When Kate Kimball was called to leadership in her campus ward Relief Society, she was overwhelmed. However, she acknowledged, “When I attended the Provo Temple as a willing servant of God, I received promptings which directed me how to best fulfill my calling. I was able to see the sisters in my ward as if through the eyes of God. My love for them grew with each thoughtful visit to the temple.”

The Provo Utah Temple has been a beacon of hope for many people, whether they are getting married or doing proxy work such as baptisms for deceased ancestors.

Some people are celebrating its 50 years in unique ways.

David Amott with Preservation Utah said, “Due to the cold weather, COVID, and other factors, our celebrations for the temple’s 50th birthday will include an online lecture and a series of photography and other contests that will award prizes to people who create arresting images of the temple.”

The 50th anniversary will celebrate the fact that there has been a temple in Provo for 50 years.

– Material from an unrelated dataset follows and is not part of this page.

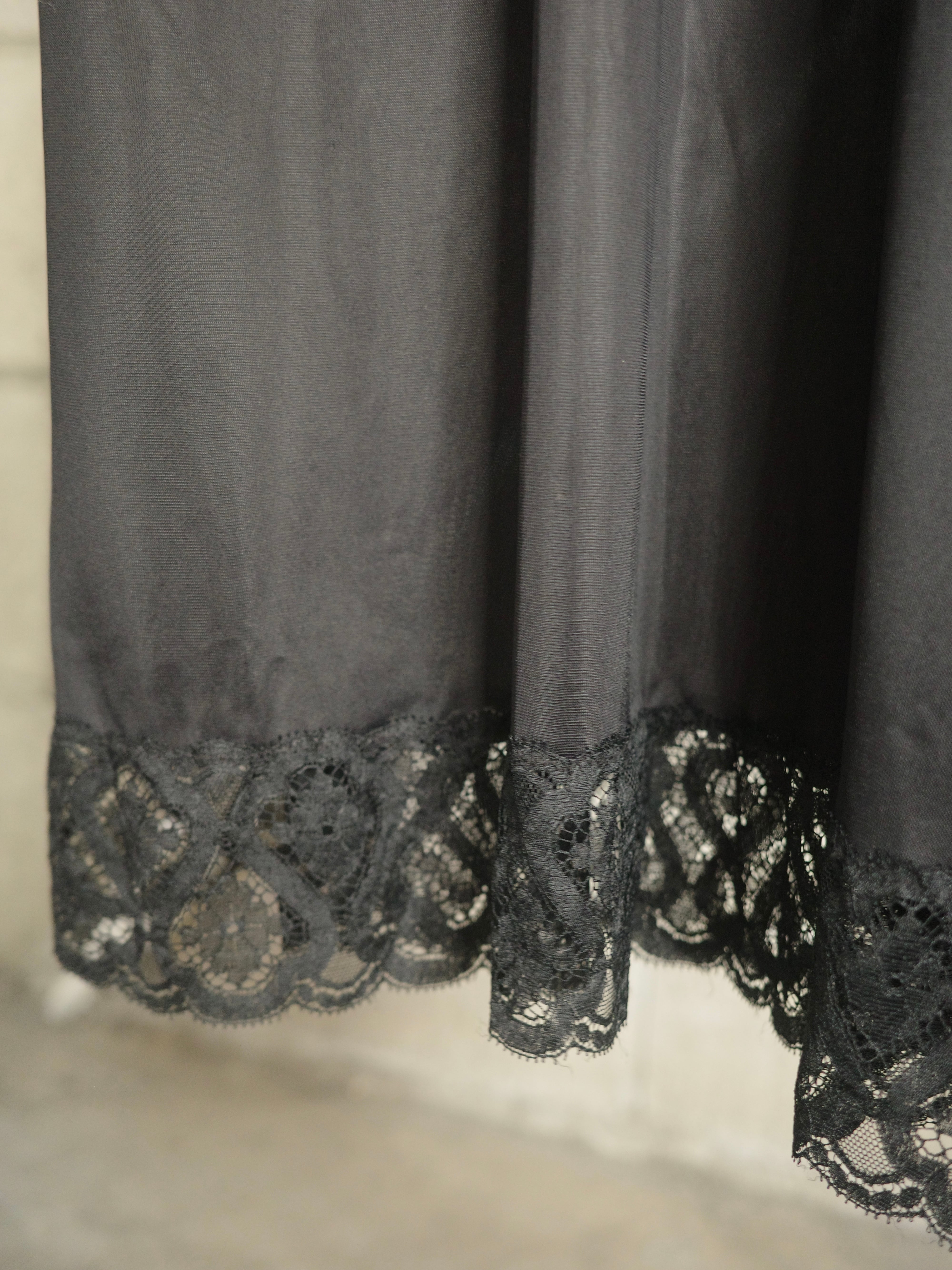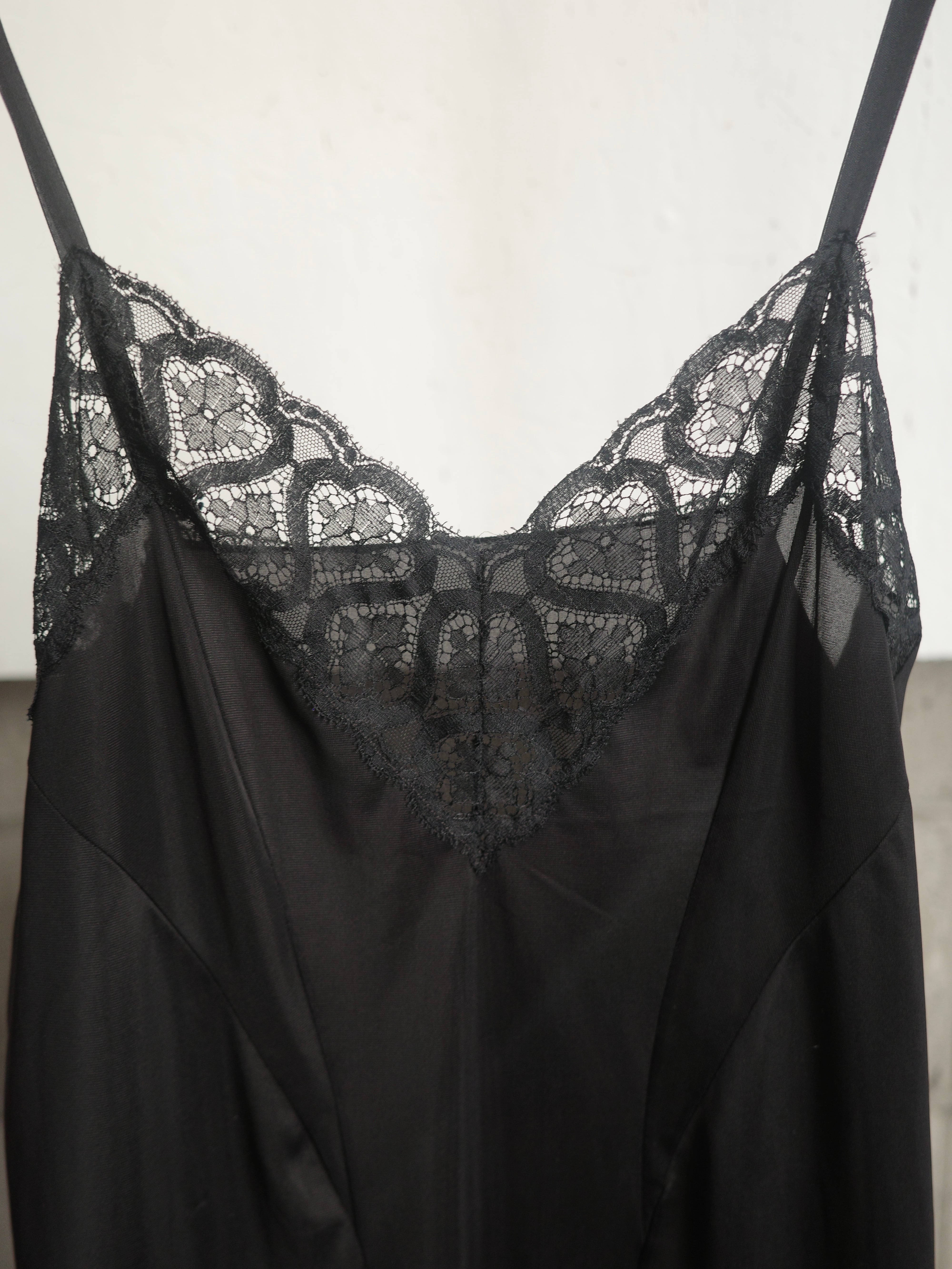 シンプルなレースのキャミワンピースです。季節問わず重ね着に重宝するアイテム。秋冬はニットやタートルの上から重ねても、逆にキャミを裾から覗かせて上からニットやスウェットを着るのも可愛いです。一つあると着回しの効く万能アイテムです。

“While our commemorations of the 50th anniversary will, in one way or another, be about the preservation of the building, we will not be using the event to directly promote the building’s preservation,” Amott said.

At the October 2021 general conference, President Russell M. Nelson announced that The Church of Jesus Christ of Latter-day Saints will reconstruct the Provo Utah Temple when the Orem Utah Temple is complete.

The temple location will stay the same, but the architectural look will be drastically upgraded and redesigned, much like the Ogden Temple. Closure dates will be announced later.